AnalyticDB for PostgreSQL builds on the features of Greenplum Database and supports the hll extension. Counting distinct values exactly requires memory proportional to the cardinality of the dataset — impractical at scale. The hll extension adds the HyperLogLog (HLL) probabilistic algorithm to AnalyticDB for PostgreSQL, letting you estimate cardinality with a small, bounded error while using a fraction of the memory. This makes it practical for high-cardinality workloads such as daily unique visitors (UVs) and page views (PVs) in internet advertising.
Prerequisites
Before you begin, ensure that you have:
An AnalyticDB for PostgreSQL instance
The hll extension installed on the Extensions page of your instance. For details, see Install, update, and uninstall extensions.
Key concepts and data types
The hll extension introduces two data types:
| Type | Description |
|---|---|
hll | Stores a HyperLogLog sketch — a compact probabilistic representation of a distinct-value set |
hll_hashval | Stores a single hashed value before it is added to an hll sketch |
All values must be hashed before you can add them to an hll sketch. Use the hash functions in the Hash functions section to convert raw values to hll_hashval.
Create a table with an hll column to store HyperLogLog sketches:
create table agg (id int primary key, userids hll);Cast an integer to hll_hashval to prepare it for aggregation:
select 1::hll_hashval;Operators
hll operators
The hll type supports the following operators:
| Operator | Description | Example |
|---|---|---|
= | Equality | select hll_add_agg(1::hll_hashval) = hll_add_agg(2::hll_hashval); |
!=, <> | Inequality | — |
|| | Merges two hll sketches into one | select hll_add_agg(1::hll_hashval) || hll_add_agg(2::hll_hashval); |
# | Returns the estimated cardinality (distinct count) of an hll sketch | select #hll_add_agg(1::hll_hashval); |
hll_hashval operators
The hll_hashval type supports =, !=, and <>:
select 1::hll_hashval = 2::hll_hashval;
select 1::hll_hashval <> 2::hll_hashval;Functions
Hash functions
Hash functions convert raw values to hll_hashval. Use the function that matches your column type:
| Function | Input type | Example |
|---|---|---|
hll_hash_boolean | BOOLEAN | select hll_hash_boolean(true); |
hll_hash_smallint | SMALLINT | — |
hll_hash_integer | INTEGER | select hll_hash_integer(1); |
hll_hash_bigint | BIGINT | — |
Aggregation functions
Two aggregation functions build and combine hll sketches. The naming follows a consistent pattern: each function name embeds what it does — hll_add_agg adds values in an aggregate, and hll_union unions two sketches.

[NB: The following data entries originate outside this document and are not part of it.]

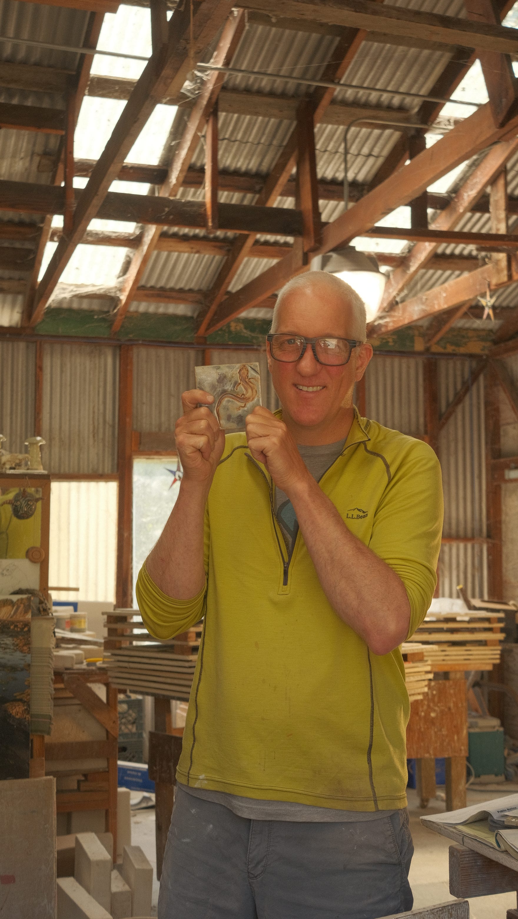 Matt owns Point Arena tiles, open most days. My graduate school work desk, made from the slab pictured above, is inlaid with Matt’s tile (pictured here). He pressed a real dead lizard into it to create that imprint.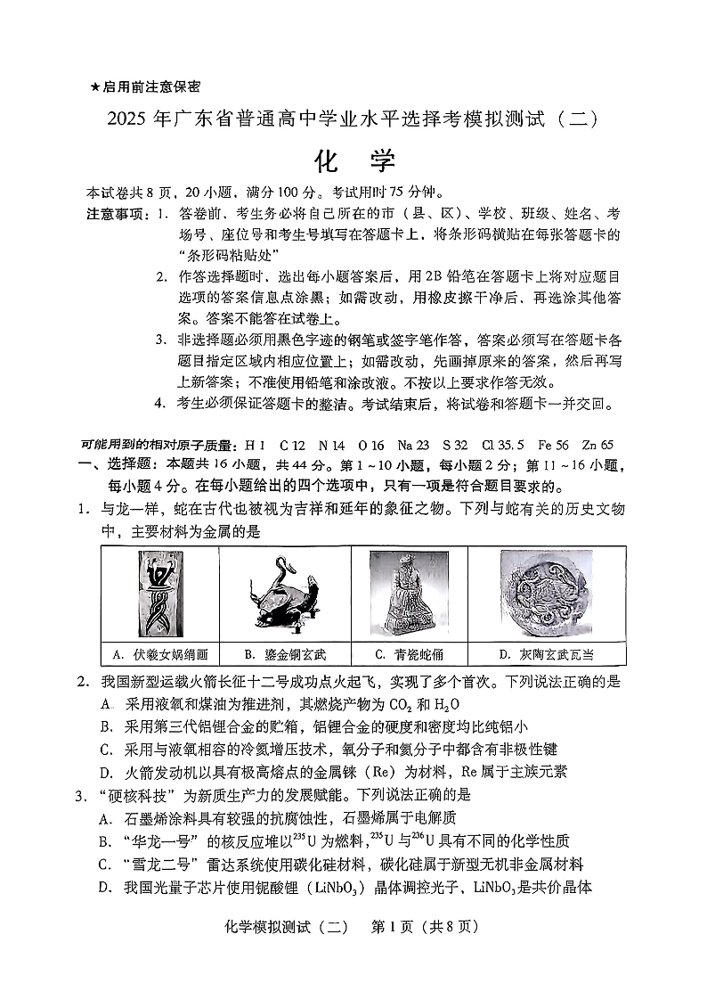 广东省2025年普通高等学校招生全国统一考试模拟测试 化学.pdf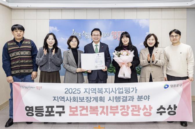 영등포구가 2025년 보건복지부 지역복지사업 평가 ‘지역사회보장계획 시행결과’ 부문에서 우수기관으로 선정돼 보건복지부 장관상을 수상했다고 밝혔다.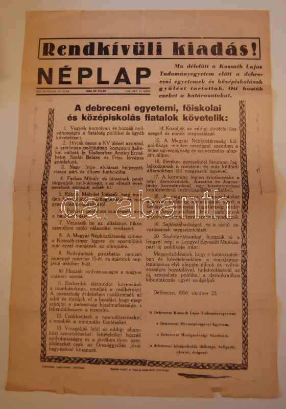1956 október 23. A debreceni Néplap rendkívüli kiadása https://www.darabanth.com/de/46-Fernauktion/46.0/Andere-Sammelgebiete/~175/1956-oktober-23-A-debreceni-Neplap-rendkivuli-kiadasa~II92746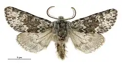 Face grey. Palpi blackish at base. Head and thorax grey, frontal area lighter grey. Head and thorax densely clothed with long dark-grey hair. Thorax broad in proportion to length, with a slight posterior crest. Abdomen grey. Forewings grey, with pale grey lines and occasional darker marks. A single light-grey line at base; a jagged grey line about 1⁄5, strongly dentate near dorsum; outwardly suffused with dark grey. Orbicular faintly shown in light grey, and separated from reniform by a distinct dark-grey patch. Reniform faintly outlined in light grey. A jagged light-grey line at 3⁄4, bending towards termen until centre of wing, then inwards before reaching dorsum. Terminal edge margined with light grey, edged basally with a dark suffusion, which forms a faintly defined line; slight grey marks along veins where they reach termen. Cilia short, light grey and dark grey alternate patches. Hindwings light grey with a faint ochreous tinge, a darker band across wing at J and a slightly waved subterminal band. Terminal edge and cilia grey-white. Underside grey with a faint ochreous tinge and a well-defined irregular dark-grey line at about 3⁄4 across both wings.[2]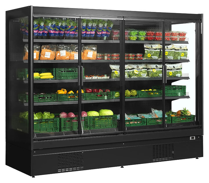 Холодильная горка TEFCOLD EXTRA2500CD предназначена для демонстрации, охлаждения и кратковременного хранения гастрономических товаров на предприятиях общественного питания и торговли. Модель оснащена 4 прозрачными дверьми, 4 рядами полок с держателями ценников, термометром и 6 регулируемыми ножками. Вертикальные светодиодные светильники обеспечивают отличное освещение и выгодно подчеркивают содержимое. Двери и торцы выполнены из стекла, полки - из металла. Особенности:
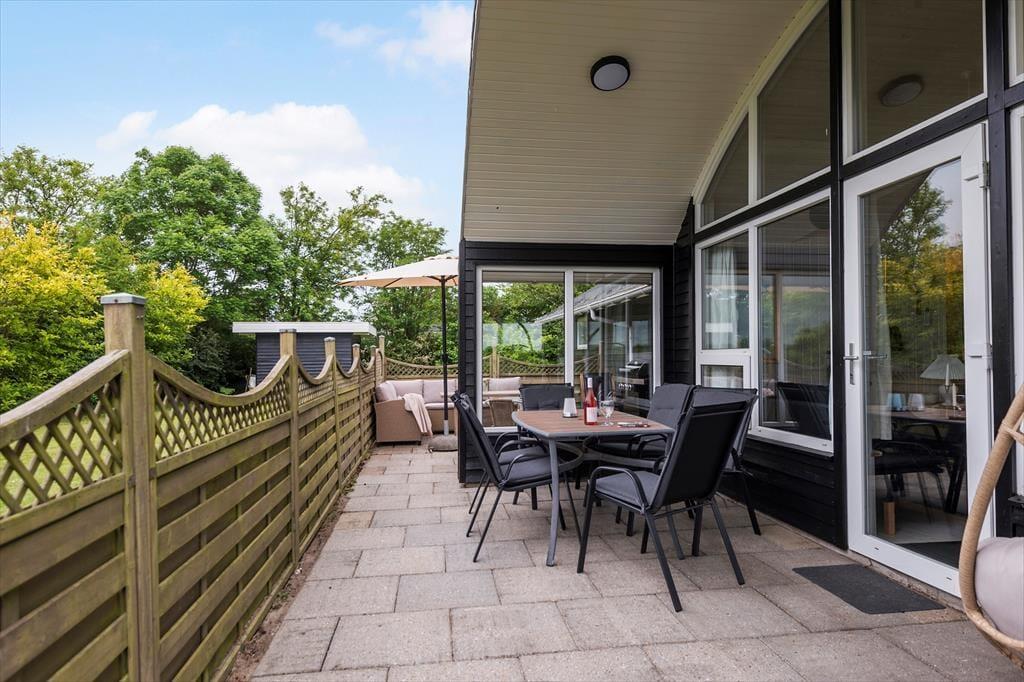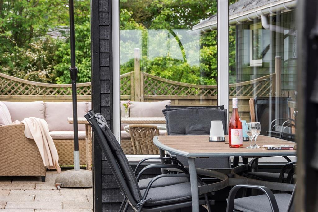 Vom Wohnzimmer aus trittst du direkt hinaus auf eine großzügig bemessene, nach Süden ausgerichtete Terrasse, auf der du das entspannte Urlaubsleben in vollen Zügen genießt. Nichts spricht auf dieser Terrasse gegen tägliche Mahlzeiten an der frischen Luft, gegen Entspannung mit einem Buch in der Sonne und gegen ruhige Momente, in denen du beim Anblick des Grüns ringsum die Seele baumeln lässt. Die Terrasse ist teilweise überdacht und von einem geschlossenen Zaun umgeben - ein Umstand, den insbesondere Eltern abenteuerlustiger Kleinkinder und Hundebesitzer sehr zu schätzen wissen. Morgens, wenn du dich beim Zwitschern der Vögel mit einem frischen Becher Kaffee im Freien niederlässt, spürst du, wie dich eine herrliche innere Ruhe erfüllt. Gleiches gilt dann, wenn du es dir am Abend mit einer warmen Decke unter dem funkelnden Sternenzelt gemütlich machst. Beste Urlaubsstimmung ist dir hier garantiert!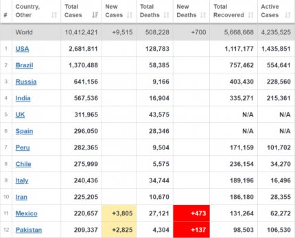 Кількість хворих коронавірусів в світі вже сягає майже 10,5 млн осіб. За останню добу в світі діагностували понад 160 тисяч нових випадків. Більше кількість хворих зростає в США і Бразилії - там за добу зафіксували 44734 і 25234 нових випадків захворювання відповідно. На третьому місці по захворюваності в світі знаходиться Росія - в цій країні число хворих перевищує 641 тисяч. На сьогоднішній день 4,235 млн осіб продовжують хворіти, померли від ускладнень, викликаних COVID-19, більш 508 тисяч людей, вилікувалися - 5,668 млн пацієнтів.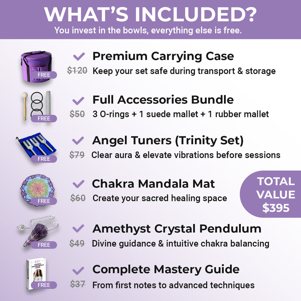 - ✅ Free Crystal Singing Bowl Guide (eBook)—playing techniques, care instructions, and meditation practices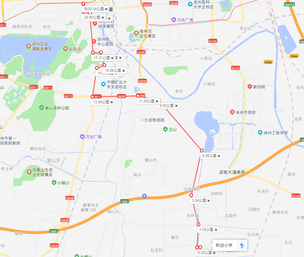 (1)線路走向:204縣道-溝棠路-周定路-迎賓快速路-御景路-三環(huán)南路-解放南路-解放路-建國(guó)東路-彭城路。
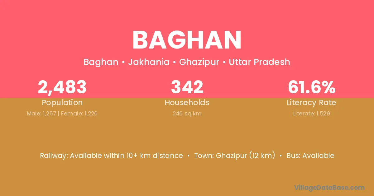 Ghazipur (12 km) is the nearest town to Baghan village for major economic activities and is located approximately 12 km away.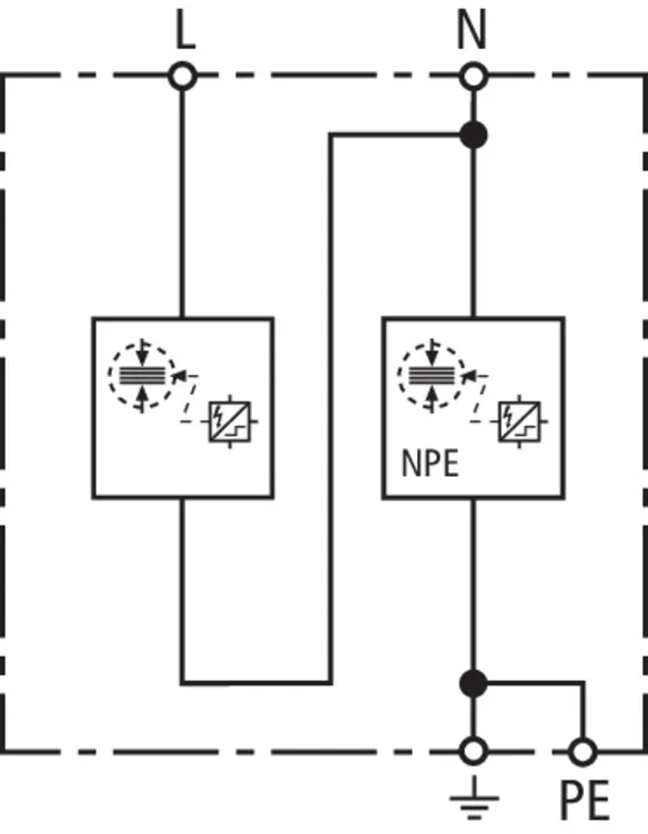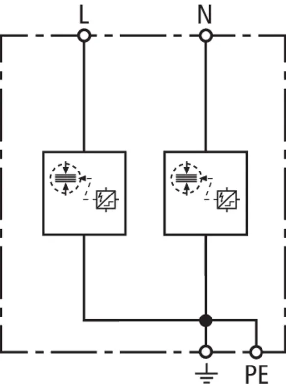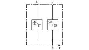 Application-optimised and prewired combined lightning current and surge arrester for single-phase TN systems with a nominal voltage of 230 V (2+0 configuration).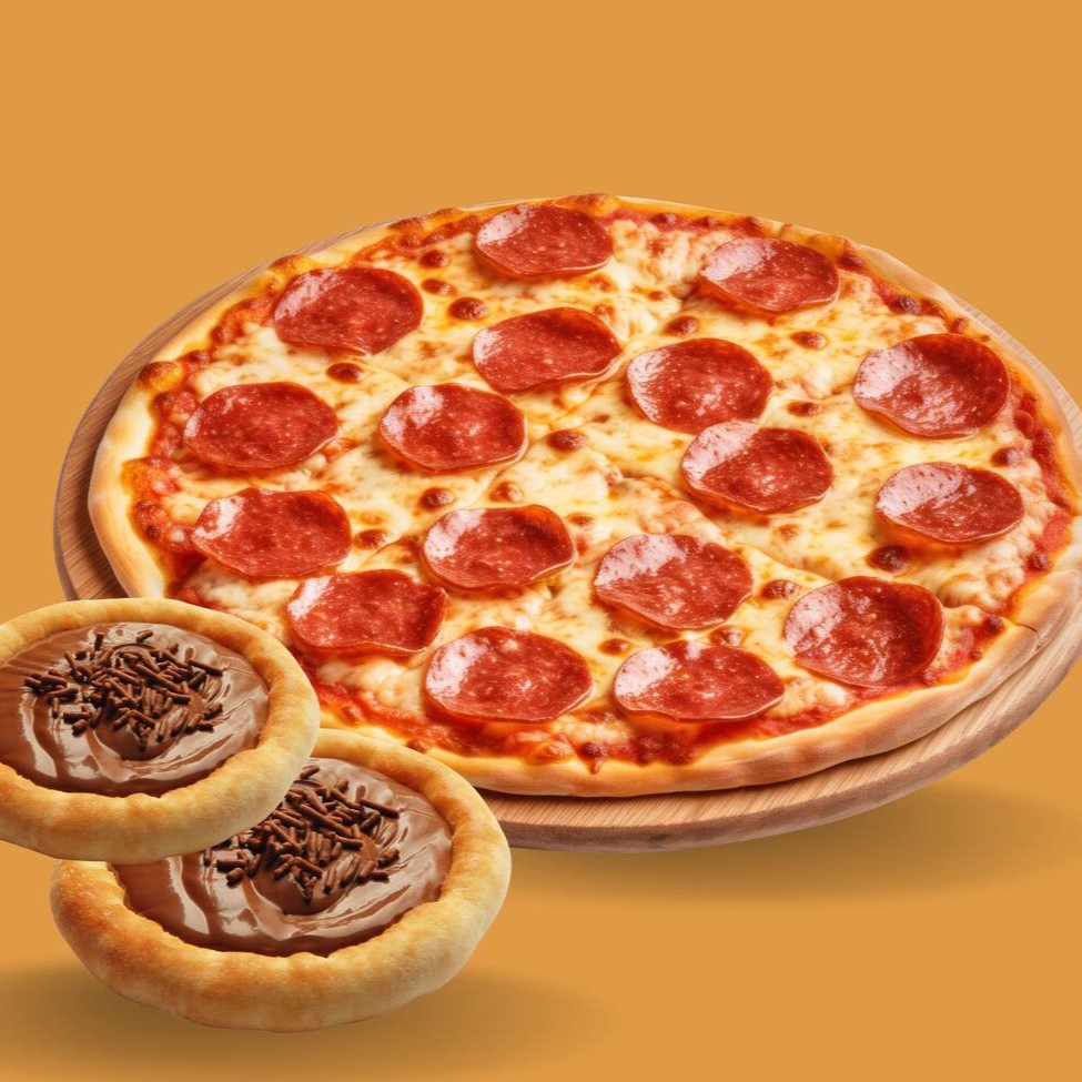 Saborei uma pizza deliciosa e 2 esfihas de chocolate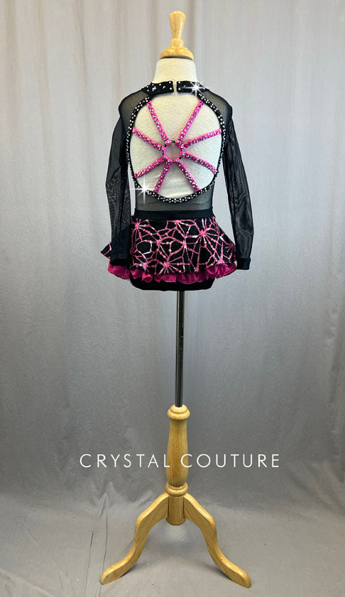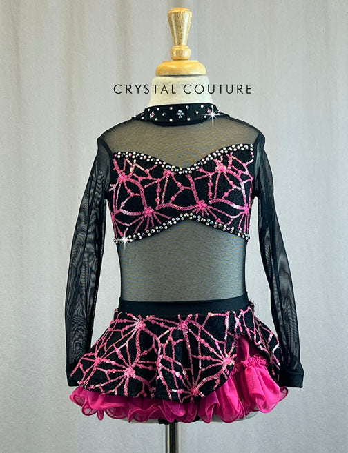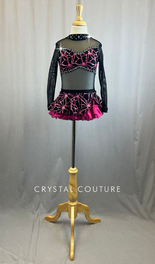 Custom Pink and Black Spiderweb Top and Skirt with Mesh and Rhinestones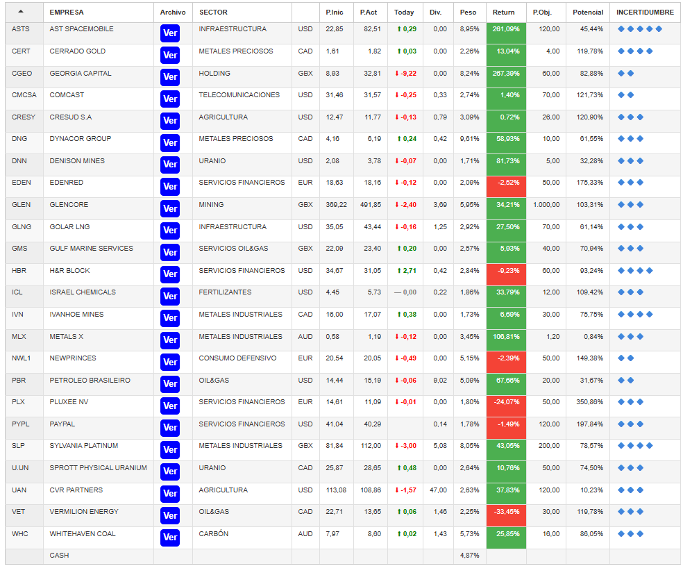 Year to date, the model portfolio is up +13.45%, versus -0.89% for the S&P 500 (S&P in euros), and +192.4% since inception (September 2022), compared with +48.9% for the S&P 500. The model portfolio, as of Friday’s close, is as follows: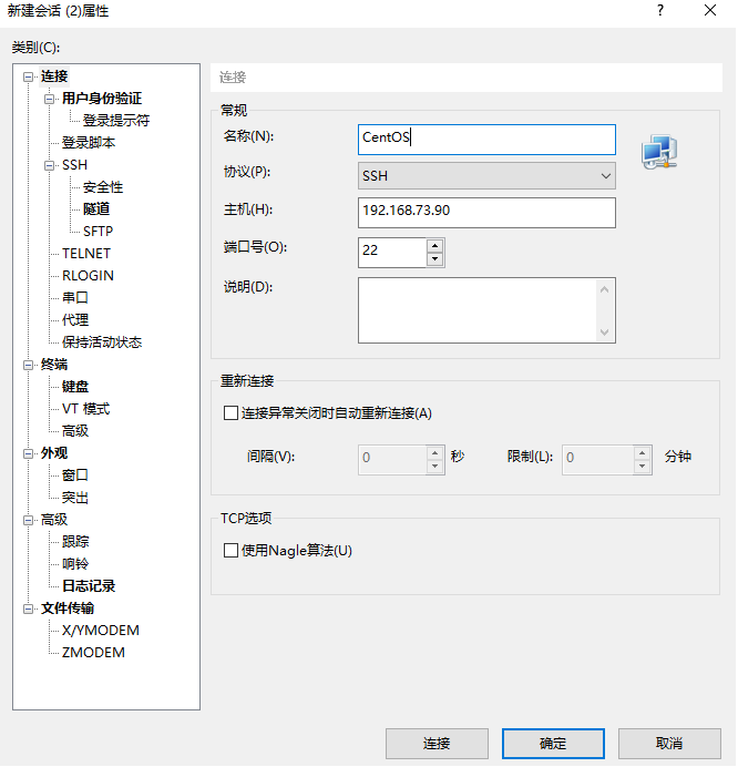 Linux的远程访问连接工具有很多:XShell、secureCRT、PuTTY等。这里使用XShell工具进行网络连接,打开XShell工具,新建会话,输入CentOS系统的IP地址,端口号默认22,协议是SSH,CentOS系统默认是打开openSSH服务。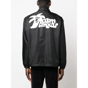 logo-patch lightweight jacket from PALM ANGELS featuring logo patch at the chest, logo patch to the rear, front button fastening, long sleeves, elasticated cuffs, two side welt pockets, straight hem, black and classic collar. Printed coach jacket Size and Fit - This piece fits true to size. We recommend you get your regular size. Model is 1,84m / 6ft 1in wearing size M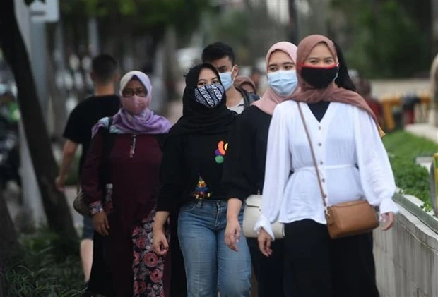 印尼首都雅加达市民佩戴口罩预防感染新冠病毒。图自越通社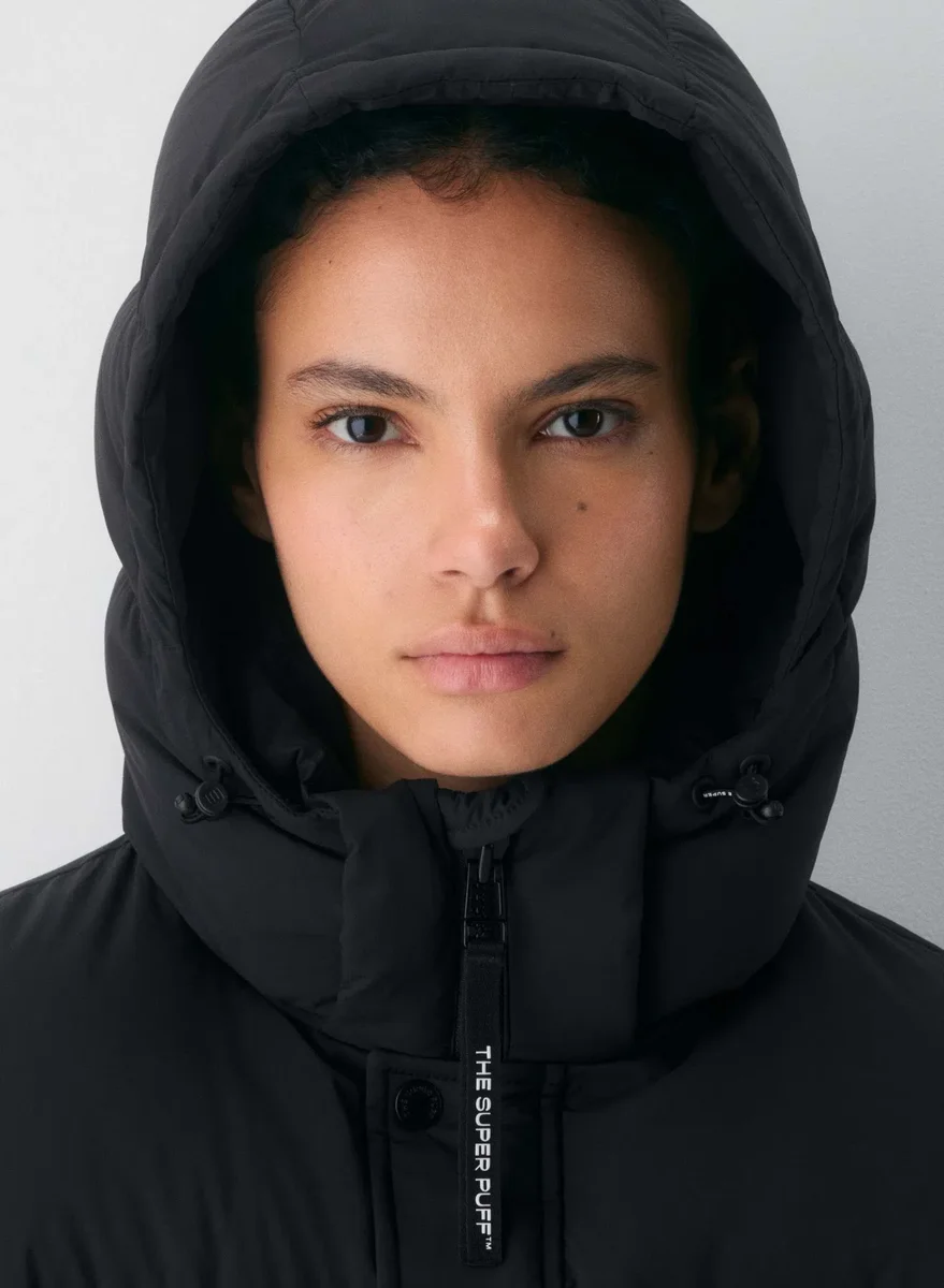 Engineered to deliver warmth to -30°C / -22° F, The Super Puff™ is designed with maximalist proportions and will keep you super warm where it counts. It’s filled with 100% responsibly sourced, 800+ fill-power premium down that provides ultra-warm, lightweight insulation. It’s made with cliMATTE™ — water-repellent and wind-resistant ripstop fabric with a matte finish and a soft feel. It’s sourced from a Japanese mill that specializes in performance fabrics.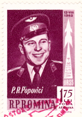 Zum Gruppenflug von Wostok 3 und Wostok 4 sind auch in Rumänien Marken erschienen. Die Marke zu 55 Bani (MiNr 2096) zeigt ein Porträt von Kosmonaut A. G. Nikolajew.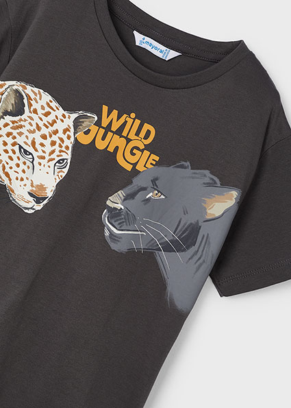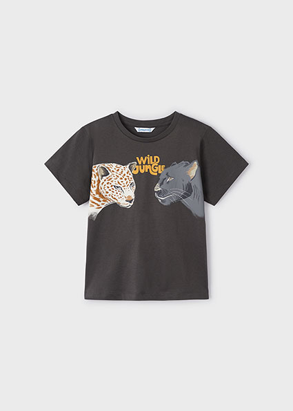 T-shirt MAYORAL per bambino daย 3 a 9ย anni. Modello girocollo e mezza manica. Color grigio con stampa centrale animali della giungla.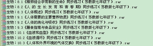【打包下载】生物:同步练习(苏教版七年级下)(18套)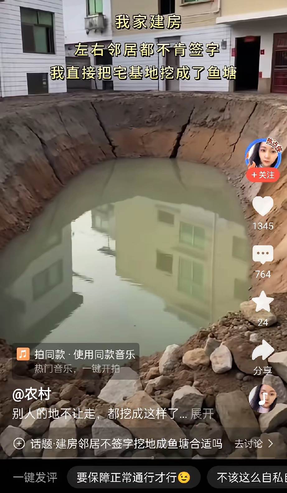 村裡流言蜚語不少,有人說鄰居是記舊怨,有人說就是看我蓋新房心裡不平衡。可不管啥原因,也不能拿我一輩子的住房大事賭氣。眼看建材越放越廢,老婆孩子天天盼著新房,我實在忍無可忍,決定不再妥協求情,用最直接的方式硬核反擊——我直接在家門口挖了一個大水坑。

hll_add_agg— an aggregate function that adds rawhll_hashvalvalues into an empty hll sketch. Use this to build an hll sketch from a table or result set.select hll_add_agg(1::hll_hashval);hll_union— merges two existing hll sketches into one. Use this to combine hll values already stored in a table.select hll_union(hll_add_agg(1::hll_hashval), hll_add_agg(2::hll_hashval));
Utility functions
hll_set_defaults— sets the precision parameters for hll sketches. Higher precision reduces estimation error at the cost of more memory.select hll_set_defaults(15, 5, -1, 1);hll_print— prints debugging information about an hll sketch.select hll_print(hll_add_agg(1::hll_hashval));
Example: estimate daily unique visitors
This example shows the full workflow — hash and aggregate raw user IDs into daily hll sketches, store them in a table, then query the estimated UV count per day.
Step 1: Create a table to store daily hll sketches.
create table access_date (acc_date date unique, userids hll);Step 2: Aggregate user IDs into hll sketches and insert by date.
insert into access_date select current_date, hll_add_agg(hll_hash_integer(user_id)) from generate_series(1,10000) t(user_id);
insert into access_date select current_date-1, hll_add_agg(hll_hash_integer(user_id)) from generate_series(5000,20000) t(user_id);
insert into access_date select current_date-2, hll_add_agg(hll_hash_integer(user_id)) from generate_series(9000,40000) t(user_id);Step 3: Query the estimated UV count per day using the # operator.
postgres=# select #userids from access_date where acc_date=current_date;
?column?
------------------
9725.85273370708
(1 row)
postgres=# select #userids from access_date where acc_date=current_date-1;
?column?
------------------
14968.6596883279
(1 row)
postgres=# select #userids from access_date where acc_date=current_date-2;
?column?
------------------
29361.5209149911
(1 row)The results are estimates. The # operator returns a floating-point cardinality value, not an exact distinct count. To adjust precision, use hll_set_defaults before inserting data.